Peter is a healthy and influential leader. In his personal space, he struggles with unhealthy thoughts. Thoughts that are starting to affect his leadership. He is no longer able to show appreciation towards his colleagues and staff. He is easily frustrated. Peter realises this during a coaching session. “Where did this begin Peter?” asks the coach. As Peter reflects he becomes aware of the root of this habit. It started during his first leadership position. The entire board use to spend time discussing the negative side of employees. They often focused on what each staff member did wrong. Peter wasn’t always like this. Before this board’s habit he use to appreciate people. He had compassion and lived a life of gratitude.
Healthy neural-pathways are created over many years. The thoughts of a leader are reflected in their words and actions. The mind of the future leader is build today. What they choose to see today is what they will spend their life on tomorrow. In the book The Little Book of Gratitude Robert Emmons says, “Gratitude is fertilizer for the mind in spreading connections and improving its function in nearly every realm of experience”. Being grateful is an intentional habit that can empower a leader. Habitually expressing appreciation to self and others is beneficial. Building a culture of appreciation enables people to perform and take self-responsibility. Gratitude has many wonderful and healthy results for the body.

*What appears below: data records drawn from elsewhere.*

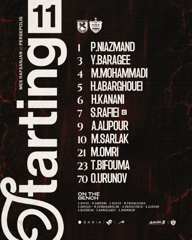 🏆 #لیگ_برتر | ترکیب پرسپولیس مقابل مس رفسنجان / ساعت ۱۶:۱۵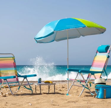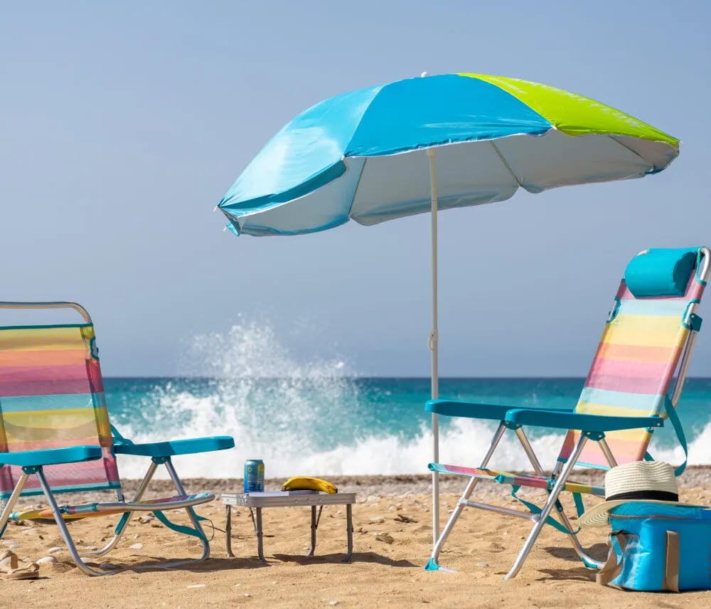 Bolsas para Sombrillas y Sillas: Utiliza bolsas diseñadas específicamente para transportar y almacenar sombrillas y sillas de playa. Estas bolsas suelen tener asas, lo que facilita su transporte y almacenamiento.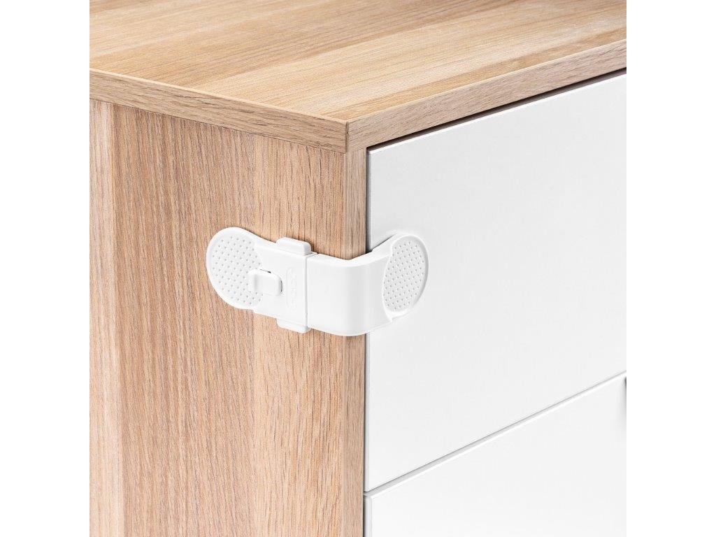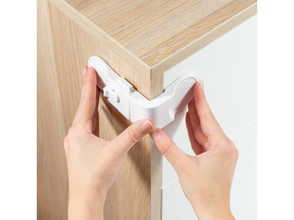 Bezpečnostný zámok je možné flexibilne použiť na akomkoľvek nábytku, ktorý umožňuje rohové pripevnenie (nie je vhodné pre zapustené zásuvky).

Some benefits of being grateful:
- Live longer
- A healthy perspective about life
- Building compassion.
Start appreciating the beauty and strengths in the people you work with. Appreciate the organization you work in and the clients you currently serve. Science found that appreciating others increases a person’s awareness and even their brain capacity. An appreciative leader will build a culture of gratitude.
Tips to live in gratitude:
- Take 5 minutes each day, to be grateful for 3 things that happened that day.
- Take 1 hour each month, to write an appreciation letter to a colleague.
- Take time during your preparation for meetings and just think about what you appreciate about the people in the meeting.